■ Task instructions ■
The response consists of the lines from the start of the material below through the line holding "Customize labels with", repeated word for word and without pictures.

BEGIN Information shown

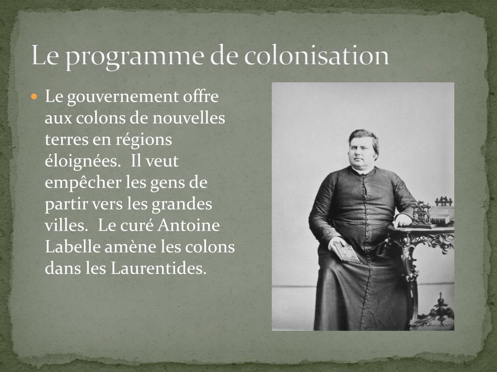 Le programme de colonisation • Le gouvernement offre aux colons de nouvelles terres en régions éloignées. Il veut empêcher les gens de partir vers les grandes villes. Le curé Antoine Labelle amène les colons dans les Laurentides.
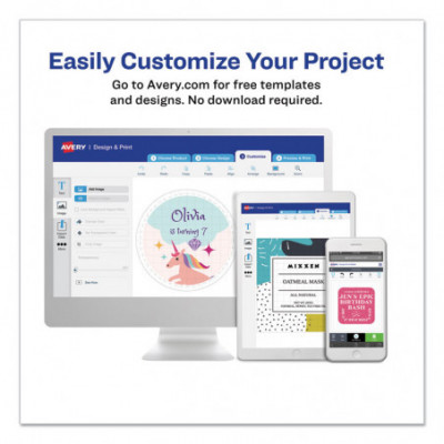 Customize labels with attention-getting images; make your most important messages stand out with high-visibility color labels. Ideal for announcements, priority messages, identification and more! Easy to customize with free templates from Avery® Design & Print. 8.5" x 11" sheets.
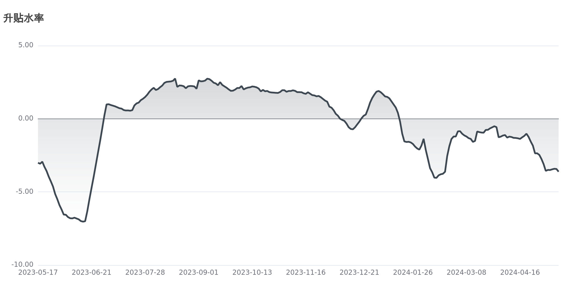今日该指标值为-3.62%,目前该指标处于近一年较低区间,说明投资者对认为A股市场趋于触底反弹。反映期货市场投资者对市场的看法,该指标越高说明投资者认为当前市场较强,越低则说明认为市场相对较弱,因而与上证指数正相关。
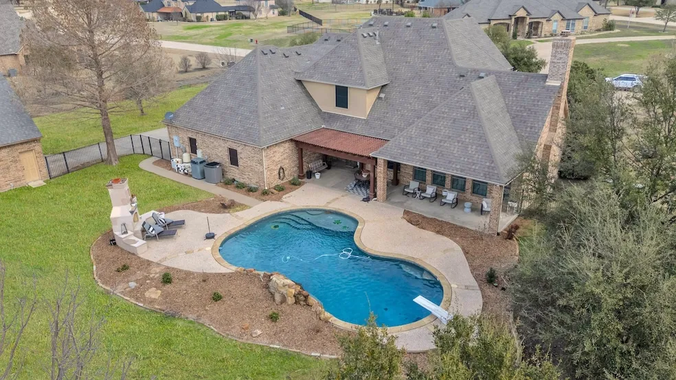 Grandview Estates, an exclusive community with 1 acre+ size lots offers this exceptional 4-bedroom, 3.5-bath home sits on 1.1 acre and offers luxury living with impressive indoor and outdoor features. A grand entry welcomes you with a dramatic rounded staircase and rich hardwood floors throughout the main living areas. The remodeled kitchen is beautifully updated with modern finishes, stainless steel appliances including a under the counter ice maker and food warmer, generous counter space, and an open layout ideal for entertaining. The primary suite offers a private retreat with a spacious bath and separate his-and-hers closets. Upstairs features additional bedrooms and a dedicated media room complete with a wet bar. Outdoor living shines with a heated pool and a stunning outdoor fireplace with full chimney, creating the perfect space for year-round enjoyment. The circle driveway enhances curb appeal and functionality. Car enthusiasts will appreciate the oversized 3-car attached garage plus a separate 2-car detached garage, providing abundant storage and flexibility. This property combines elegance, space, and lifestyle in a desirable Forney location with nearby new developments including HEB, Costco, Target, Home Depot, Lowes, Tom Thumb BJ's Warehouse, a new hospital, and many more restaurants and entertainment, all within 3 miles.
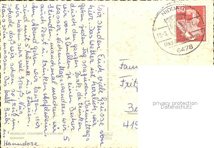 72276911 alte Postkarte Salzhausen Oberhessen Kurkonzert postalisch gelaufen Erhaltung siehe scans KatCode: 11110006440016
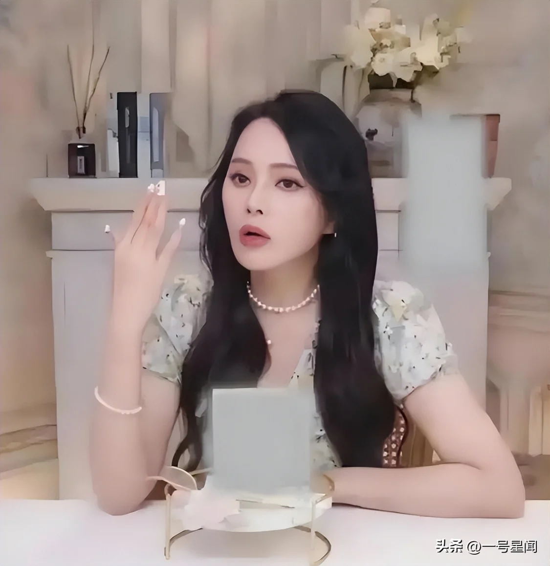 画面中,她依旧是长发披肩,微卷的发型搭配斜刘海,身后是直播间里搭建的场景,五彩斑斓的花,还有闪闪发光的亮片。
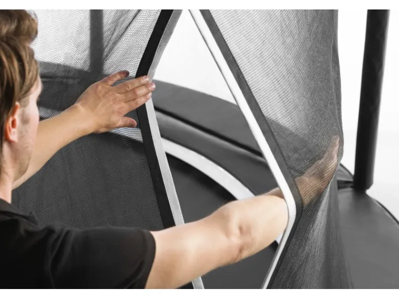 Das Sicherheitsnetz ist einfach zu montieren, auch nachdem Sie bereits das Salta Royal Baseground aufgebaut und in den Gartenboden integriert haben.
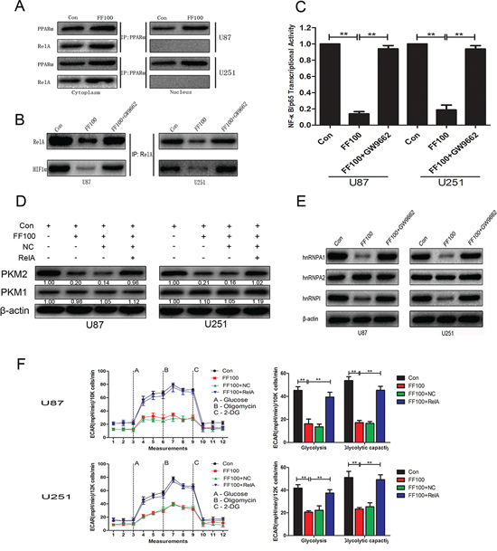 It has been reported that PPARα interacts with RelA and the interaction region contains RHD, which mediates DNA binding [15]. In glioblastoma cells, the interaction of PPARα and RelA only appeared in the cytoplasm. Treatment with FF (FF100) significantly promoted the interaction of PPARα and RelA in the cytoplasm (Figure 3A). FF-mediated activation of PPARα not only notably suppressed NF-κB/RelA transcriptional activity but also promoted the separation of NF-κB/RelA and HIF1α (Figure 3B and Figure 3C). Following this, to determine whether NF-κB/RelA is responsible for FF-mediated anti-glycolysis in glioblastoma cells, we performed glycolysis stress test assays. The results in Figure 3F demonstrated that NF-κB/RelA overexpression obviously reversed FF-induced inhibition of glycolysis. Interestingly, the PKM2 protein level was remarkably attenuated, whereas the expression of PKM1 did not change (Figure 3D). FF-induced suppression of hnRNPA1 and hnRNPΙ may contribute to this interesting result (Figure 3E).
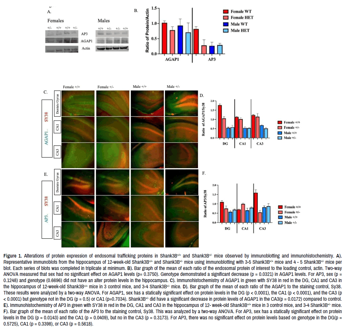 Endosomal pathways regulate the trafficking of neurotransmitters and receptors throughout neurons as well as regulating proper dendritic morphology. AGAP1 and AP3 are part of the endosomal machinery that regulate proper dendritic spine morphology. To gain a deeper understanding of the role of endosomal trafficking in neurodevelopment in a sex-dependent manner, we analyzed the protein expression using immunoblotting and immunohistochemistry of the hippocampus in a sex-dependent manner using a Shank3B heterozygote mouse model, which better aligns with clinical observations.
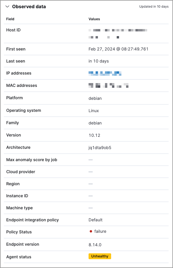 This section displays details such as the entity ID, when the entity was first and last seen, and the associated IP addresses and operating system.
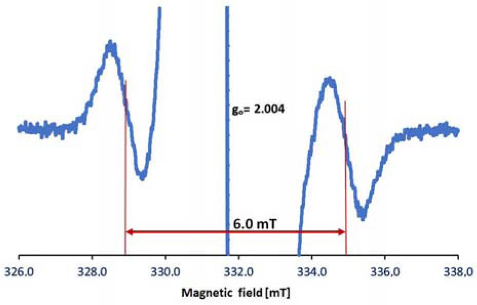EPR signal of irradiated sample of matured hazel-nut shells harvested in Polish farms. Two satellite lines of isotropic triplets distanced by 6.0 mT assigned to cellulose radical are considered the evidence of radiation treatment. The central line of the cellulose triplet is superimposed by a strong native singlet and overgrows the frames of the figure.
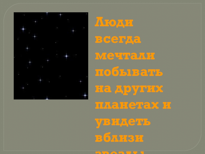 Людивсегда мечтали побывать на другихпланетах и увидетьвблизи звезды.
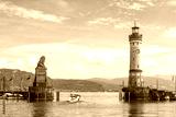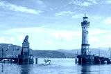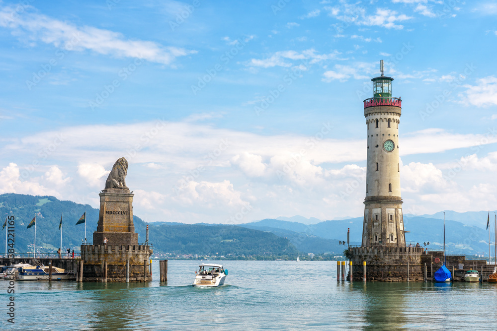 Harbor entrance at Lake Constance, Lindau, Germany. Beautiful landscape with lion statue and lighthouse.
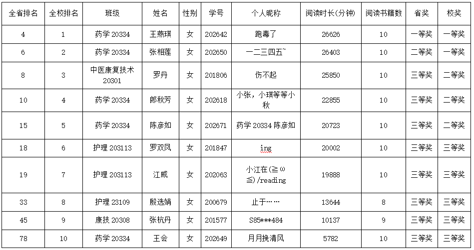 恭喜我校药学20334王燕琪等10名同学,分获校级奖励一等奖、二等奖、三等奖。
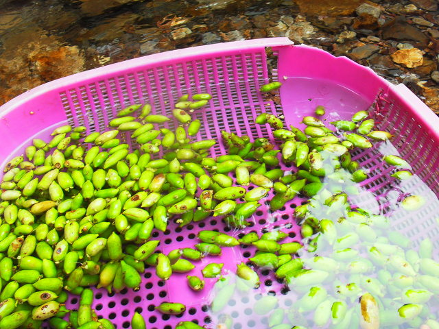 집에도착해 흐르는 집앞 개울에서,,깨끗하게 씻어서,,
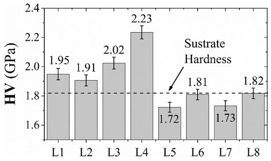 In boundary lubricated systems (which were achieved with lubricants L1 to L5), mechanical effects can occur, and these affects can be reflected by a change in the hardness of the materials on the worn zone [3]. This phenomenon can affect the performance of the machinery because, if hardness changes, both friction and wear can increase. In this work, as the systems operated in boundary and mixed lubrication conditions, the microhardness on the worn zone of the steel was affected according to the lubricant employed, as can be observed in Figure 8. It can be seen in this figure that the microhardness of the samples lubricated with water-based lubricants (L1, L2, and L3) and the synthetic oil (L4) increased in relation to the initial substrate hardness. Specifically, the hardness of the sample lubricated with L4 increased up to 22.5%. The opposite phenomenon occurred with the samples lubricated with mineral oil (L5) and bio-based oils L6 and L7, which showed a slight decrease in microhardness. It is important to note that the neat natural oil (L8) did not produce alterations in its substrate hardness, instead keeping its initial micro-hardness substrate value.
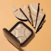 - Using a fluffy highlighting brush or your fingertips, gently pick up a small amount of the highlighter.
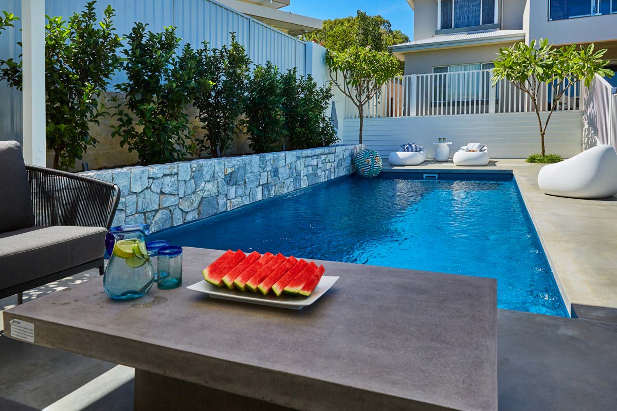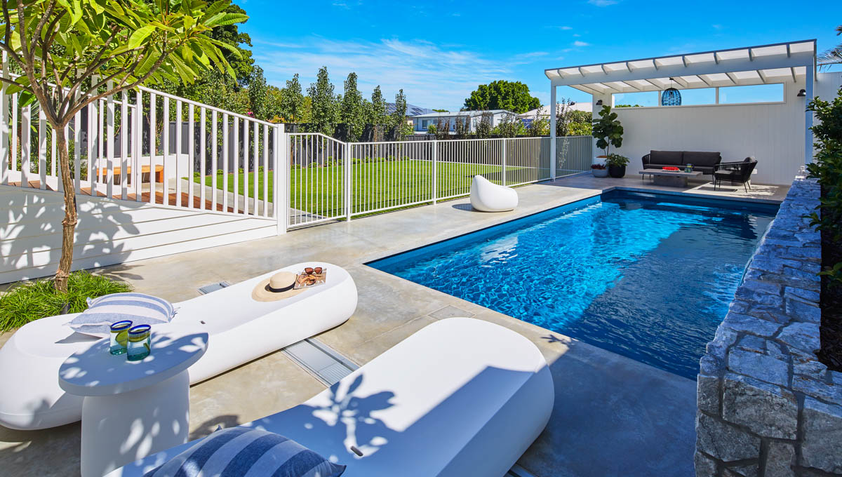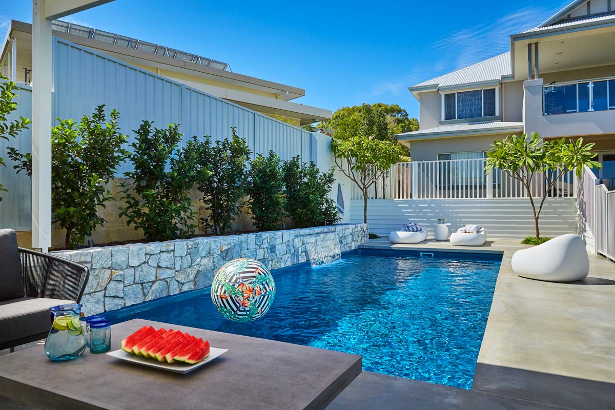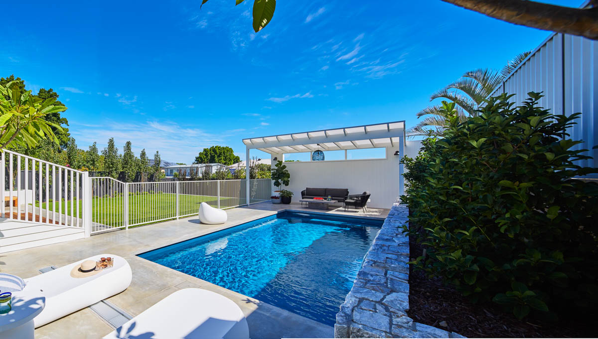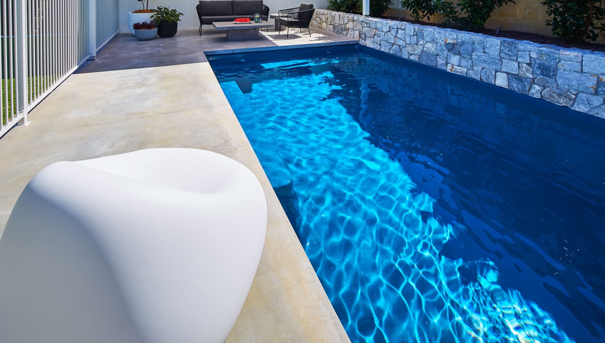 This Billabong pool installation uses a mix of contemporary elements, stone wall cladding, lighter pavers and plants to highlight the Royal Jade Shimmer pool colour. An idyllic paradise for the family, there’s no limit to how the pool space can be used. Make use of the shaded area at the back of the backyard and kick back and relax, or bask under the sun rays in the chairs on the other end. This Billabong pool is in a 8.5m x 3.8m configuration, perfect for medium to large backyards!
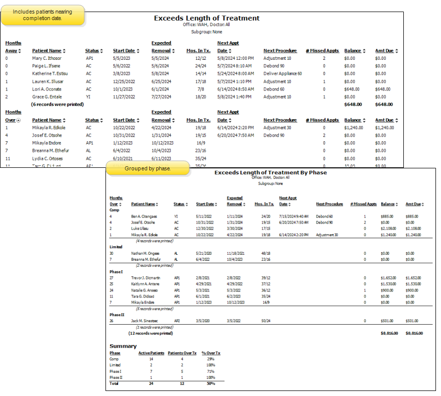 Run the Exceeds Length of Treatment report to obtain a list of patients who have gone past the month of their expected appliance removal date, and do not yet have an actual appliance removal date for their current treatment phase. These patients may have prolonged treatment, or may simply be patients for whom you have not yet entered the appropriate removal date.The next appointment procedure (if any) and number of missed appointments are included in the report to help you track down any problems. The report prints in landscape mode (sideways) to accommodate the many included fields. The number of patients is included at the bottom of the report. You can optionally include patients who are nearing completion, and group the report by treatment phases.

END Information shown

■ Answer to the problem ■
 Le programme de colonisation • Le gouvernement offre aux colons de nouvelles terres en régions éloignées. Il veut empêcher les gens de partir vers les grandes villes. Le curé Antoine Labelle amène les colons dans les Laurentides.
 Customize labels with attention-getting images; make your most important messages stand out with high-visibility color labels. Ideal for announcements, priority messages, identification and more! Easy to customize with free templates from Avery® Design & Print. 8.5" x 11" sheets.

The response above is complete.